Implementation

To create a PVFS2 ``file'', there are actually three things that have to happen. A metafile must be created to hold attributes. A collection of datafiles must be created to hold the data. A dirent in the parent directory must be created to add the file into the name space.

There are a bunch of options for implementing this correctly:

In the first four schemes, the clients are totally responsible for creating all the components of a PVFS2 file.

In the dirent first scheme, the dirent is created as the first step. Following this the other objects are allocated and filled in. The advantage of this approach is that clients that lose the race to create the file will do so on the first step (as opposed to the dirent last case, described below). This means that the minimum amount of redundant work occurs. However, the dirent can't even have a valid handle in it if it is created first, meaning that the dirent will have to be modified a second time by the creator to fill in the right value (once the metafile is allocated). This leaves a window of time during which the dirent exists but refers to a file that has no attributes and cannot be read.

In the dirent second scheme, clients first allocate a metafile with parameters indicating that it isn't complete, then allocate the dirent. This means that losing clients will all allocate a metafile (and then have to free it). However, it also provides a valid set of attributes that could be seen during the window of time that the file is being created. Datafiles would be allocated last, meaning that the client would have to modify the distribution information in the metafile after it has been added into the namespace; however, a valid handle would already exist in the name space, resulting in a cleaner client-side mechanism for updating the distribution information once it is filled in. Clients attempting to read/write a file with cached distribution information that isn't filled in will necessarily need to update their cache and potentially wait for this to finish.
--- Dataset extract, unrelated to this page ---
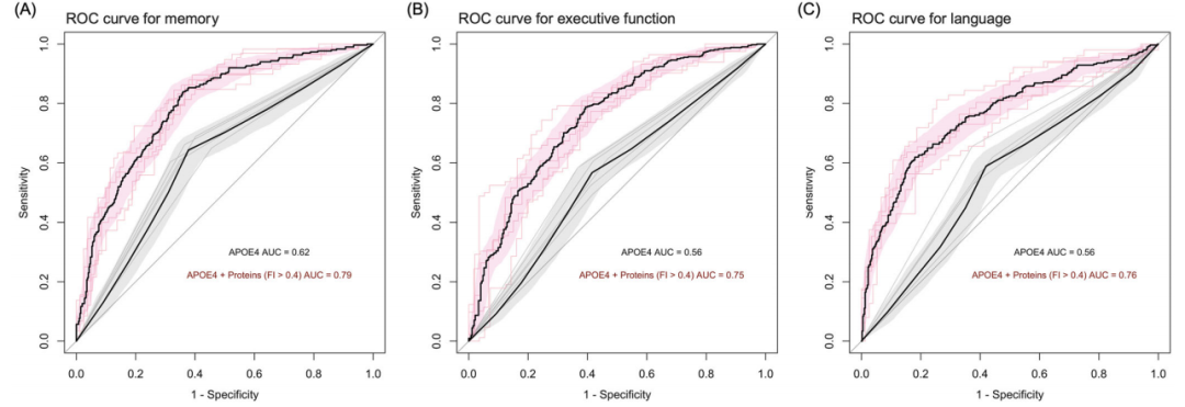训练机器学习模型以评估蛋白质特征对纵向认知轨迹的预测性能,模型 1 采用逻辑回归训练,以APOE基因型作为输入特征。模型 2 采用八种不同的机器学习算法训练,将APOE及DPA中鉴定的蛋白质整合为输入特征。对于MEM复合评分的纵向轨迹,模型 1 的曲线下面积(AUC)达到 0.63,模型 2 的曲线下面积(AUC)达到 0.76。与MEM预测模型的结果一致,与仅含APOE的模型 1 相比,纳入蛋白质特征的EF和LAN预测模型(模型 2)也表现出性能提升。随后基于弹性网络回归得出的绝对系数值评估特征重要性,以构建最终预测模型。研究者使用特征重要性(FI)评分 > 0.4 的蛋白质构建最终模型。FI分析显示,在MEM预测模型中,包括 YWHAB、YWHAG和YWHAZ在内的 9 种蛋白质的重要性值 > 0.4;在EF模型中,YWHAG、YWHAE、NPTX2和GARS1这 4 种蛋白质的重要性值 > 0.4;在LAN模型中,YWHAZ、YWHAG、NPTX2和MAPRE3这 4 种蛋白质的重要性值 > 0.4。MEM的最终预测模型曲线下面积(AUC)达到 0.79,相较于模型 1 提升了 27.4%。EF的最终预测模型曲线下面积(AUC)达到 0.75,提升了 33.9%。LAN的最终预测模型曲线下面积(AUC)达到 0.76,提升幅度为 35.7%(图 6)。

In the dirent last scheme clients first allocate datafiles, then the metafile (filling in the distribution information), then finally fill in the dirent. This scheme has the benefit of at all times providing a consistent, complete name space. It has the drawback of a lot of work on the client side for the losers to ``undo'' all the allocation that they performed before failing to obtain the dirent.

The hash to metafile scheme relies on the use of the vesta-like hashing scheme for directly finding metafiles. This scheme is listed here just to keep it in mind; we don't expect to use the hashing scheme at this time. In this scheme the metafile is created first. Since all clients will hash to the same server, and a path name is associated with the metafile (in this scheme), the server would allow only one metafile to be created. After this the winner could allocate datafiles and finally create the dirent. It's not a bad scheme, but we're not doing the hashing right now because of costs in other operations.

In the last scheme server communication is used to coordinate creation of all the objects that make up a file. The server holding the directory is told to create the PVFS file. It creates the metafile and datafiles before adding the dirent. The server scheduler can ensure that only one create completes.

We will implement the dirent second scheme.